I think the authors should also conduct ablation studies on MV2V-Adapter.

局限性

The authors have discussed the limitations and potential negative societal impact.

作者回复

2024-08-07

W1: Missing Reference: Animate124

Sorry for missing Animate124, which is a great pioneering work. Comparison is in the global response (1. Comparison methods), required by other reviewers. Reference will be added in our revised paper.

W2: More comparisons with 4DGen, TC4D and original 4Dfy.

Thanks for your suggestion. Please refer to the global response(1. Comparison methods)

Q1: 4Dfy results is strange

Thanks for this point. Actually, 4Dfy is not designed for animating off-the-shelf 3D objects, instead, it is designed for text-to-4D (the task in TC4D/4Gen). So it doesn't fit our task and presents not so good results. Technically, we follow the default training setting in 4Dfy's official implementation for animating off-the-shelf static Gaussian/NeRF. Notably, that implementation reduces the learning rate of static Gaussian/NeRF to a relatively low value in the dynamic stage in hope that high-quality appearance would be preserved. Admittedly, when the static object is generated by image/3D SDS loss and the exact image/3D SDS loss is continually used in the dynamic stage, the high-quality appearance could be preserved, as shown in previous works. However, the image/3D SDS loss doesn't match the off-the-shelf 3D object in our task, so using it in the dynamic stage as the original paper results in appearance changes. As the learning rate for static NeRF is very low, the appearance change doesn't finish at the end of the training, so the results are strange. We tried to use a higher learning rate, but found that resulted in very low I2V values, as the object appearance was changed completely.

Besides, we found 3DGS sometimes fail to generate good results when supervised by MVDream SDS loss. This problem was discussed by other researchers in issue section of threestudio-3dgs repo.

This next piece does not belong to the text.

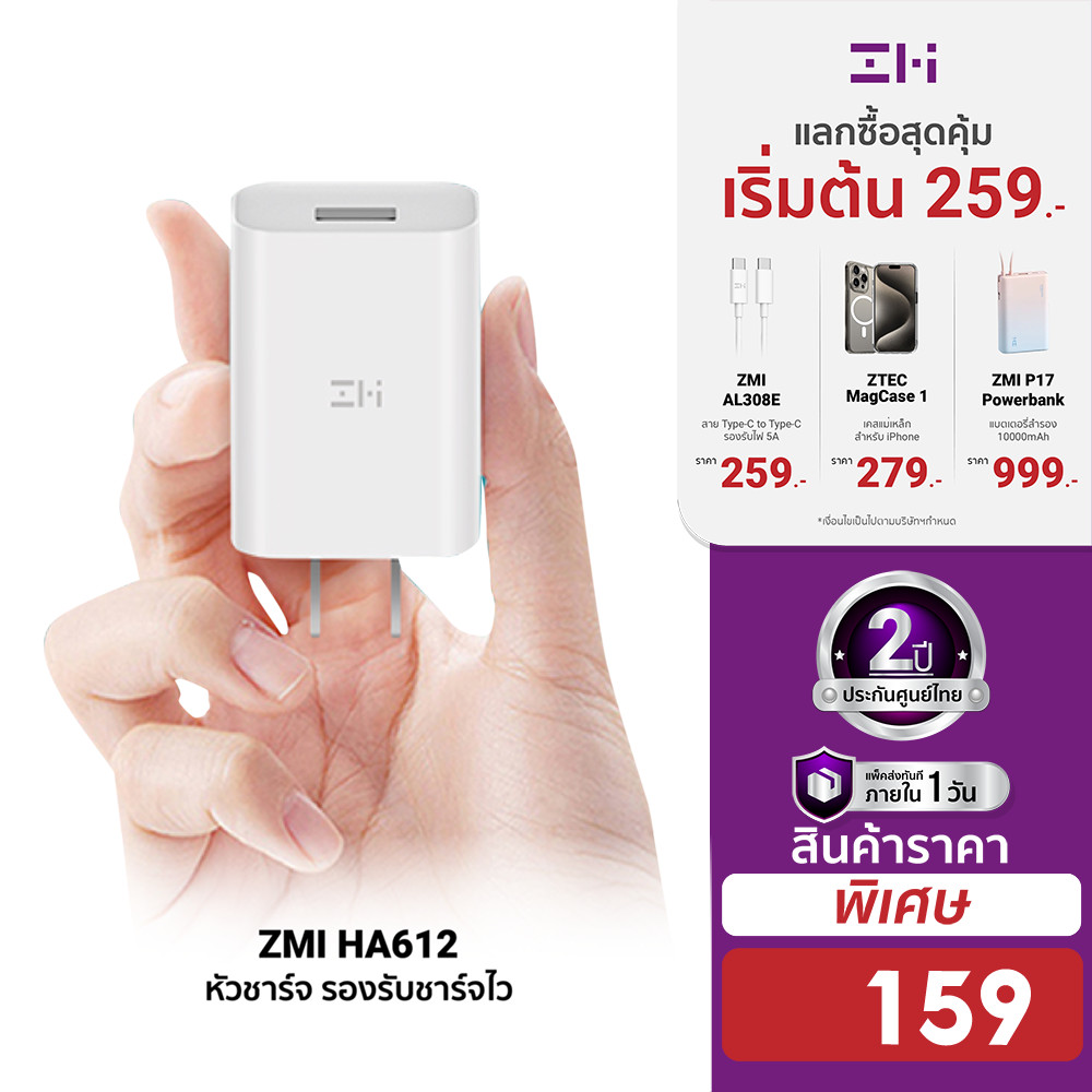 [179บ.โค้ดDDX10MAYW4] ZMI HA612 หัวชาร์จ 18W รองรับชาร์จไว QC3.0 ศูนย์ไทย ประกัน -2Y |

Q2: Ablation of MV2V-Adapter

Please refer to our global response (2. Ablation of MV2V-Adapter)

2024-08-08

Thanks for the efforts of the authors. They have conducted additional experiments to support their claims, and my concerns have been resolved. I will maintain my scores.

审稿意见

评分: 5置信度: 32024-07-22

This paper focuses on animating 3D objects with multi-view diffusion models. To improve spatial and temporal consistency, this work builds a large-scale multi-view video dataset, MV-Video and designs an attention module to enhance spatial and temporal consistency by integrating 3D and video diffusion models. To enhance animations from 3D objects, this work jointly optimizes the 4DGS through reconstruction and 4D-SDS. Experiments show the proposed method can more consistent 4D generation.

优点

This work builds a large-scale multi-view video dataset to facilitate the training of multi-view video diffusion models.
The method designs an attention module to encourage spatial and temporal consistency for multi-view diffusion models.
The approach introduces 4D-SDS to leverage multi-view video diffusion models for animating 3D objects.
The paper is easy to read and understand.

缺点

This work focuses on 3D objects, however, the paper title claims "Animating Any 3D Models". It is a bit inappropriate.
The effectiveness of the proposed dataset is not fully validated. Can this dataset improve single-view diffusion models or multi-view image-to-3D generation models, like MVDream?
The diversity of the proposed method is unclear. Can one object perform different actions? For example, in Figure 3, can the frog perform swimming?
The picture quality is a bit low, it is hard for readers to distinguish the advantages of the generated objects from the proposed method.
For animating from 3D object, this work first leverages 4DGS to reconstruct coarse motions and then uses 4D-SDS for refinement. If the method uses better 4DGS algorithms, maybe the improvement from 4D-SDS will become little.

问题

It is better to validate the effectiveness of the proposed dataset, can it also improve single-view diffusion models (e.g., T2V) or multi-view image-to-3D generation models (e.g., MVDream). Then, can these models further improve other methods, like DreamGaussian4D?
Although the work verify the effectiveness of the S.T attention. The effect of MV2V-adapter is not validated.
If the approach leverages better 4DGS reconstruction methods, such as [1] for the coarse motion reconstruction, can the 4D-SDS still improve the coarse results?
[1] Yang, Zeyu, et al. "Real-time photorealistic dynamic scene representation and rendering with 4d gaussian splatting." arXiv preprint arXiv:2310.10642 (2023).
As this work designs a multi-view video diffusion model, can the authors compare it with existing single-view video diffusion models?
For Figure 4, both the ablation models show that the player touches the basketball. However, the full model does not show this interaction. I wonder if the full model can do better for this interaction.

局限性

The paper has discussed the limitations.

作者回复

2024-08-07

W1: Inappropriate title: 3D objects instead of 3D models

Thanks for the advice, we will consider revising it in the revised version.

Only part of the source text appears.